::: Supplied information :::

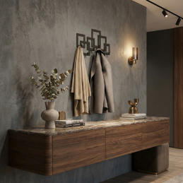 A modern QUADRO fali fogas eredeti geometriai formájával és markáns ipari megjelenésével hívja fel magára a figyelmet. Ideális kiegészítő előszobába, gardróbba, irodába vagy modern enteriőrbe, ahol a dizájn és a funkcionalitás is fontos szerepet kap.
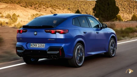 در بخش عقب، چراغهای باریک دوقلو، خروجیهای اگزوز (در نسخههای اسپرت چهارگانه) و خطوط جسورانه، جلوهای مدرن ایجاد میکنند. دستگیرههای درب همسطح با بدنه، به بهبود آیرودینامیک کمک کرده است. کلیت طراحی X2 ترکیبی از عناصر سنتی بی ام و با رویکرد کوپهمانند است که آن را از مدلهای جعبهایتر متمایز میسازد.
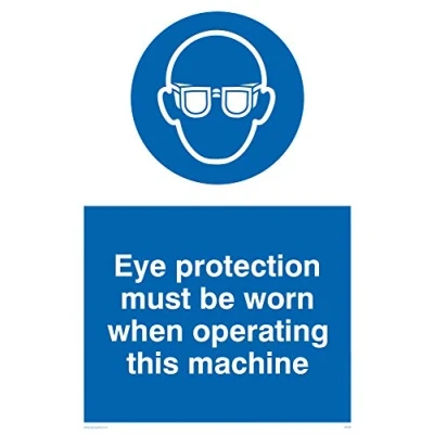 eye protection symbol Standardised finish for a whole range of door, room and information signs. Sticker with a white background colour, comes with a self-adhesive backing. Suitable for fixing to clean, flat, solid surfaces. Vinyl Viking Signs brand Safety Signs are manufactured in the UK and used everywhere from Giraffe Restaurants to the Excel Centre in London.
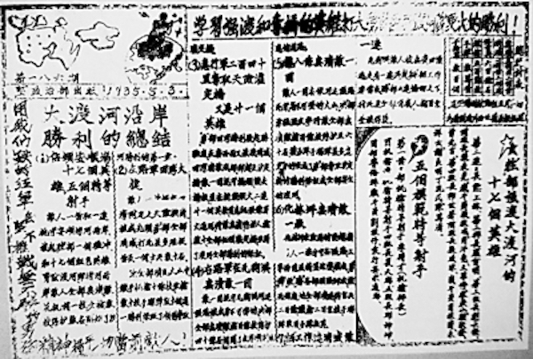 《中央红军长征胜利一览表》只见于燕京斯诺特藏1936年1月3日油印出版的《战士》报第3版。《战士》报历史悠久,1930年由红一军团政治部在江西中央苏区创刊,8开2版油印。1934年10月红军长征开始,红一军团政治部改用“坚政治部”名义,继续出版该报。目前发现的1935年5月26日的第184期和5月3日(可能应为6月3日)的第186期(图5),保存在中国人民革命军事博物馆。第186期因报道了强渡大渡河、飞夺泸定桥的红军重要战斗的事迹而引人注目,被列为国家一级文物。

:::

### [Task requirements]
Please reproduce the lines above from the one containing "در بخش عقب،" through the final line, exactly and inclusively, leaving out each picture.

### [Written solution]
 در بخش عقب، چراغهای باریک دوقلو، خروجیهای اگزوز (در نسخههای اسپرت چهارگانه) و خطوط جسورانه، جلوهای مدرن ایجاد میکنند. دستگیرههای درب همسطح با بدنه، به بهبود آیرودینامیک کمک کرده است. کلیت طراحی X2 ترکیبی از عناصر سنتی بی ام و با رویکرد کوپهمانند است که آن را از مدلهای جعبهایتر متمایز میسازد.
 eye protection symbol Standardised finish for a whole range of door, room and information signs. Sticker with a white background colour, comes with a self-adhesive backing. Suitable for fixing to clean, flat, solid surfaces. Vinyl Viking Signs brand Safety Signs are manufactured in the UK and used everywhere from Giraffe Restaurants to the Excel Centre in London.
 《中央红军长征胜利一览表》只见于燕京斯诺特藏1936年1月3日油印出版的《战士》报第3版。《战士》报历史悠久,1930年由红一军团政治部在江西中央苏区创刊,8开2版油印。1934年10月红军长征开始,红一军团政治部改用“坚政治部”名义,继续出版该报。目前发现的1935年5月26日的第184期和5月3日(可能应为6月3日)的第186期(图5),保存在中国人民革命军事博物馆。第186期因报道了强渡大渡河、飞夺泸定桥的红军重要战斗的事迹而引人注目,被列为国家一级文物。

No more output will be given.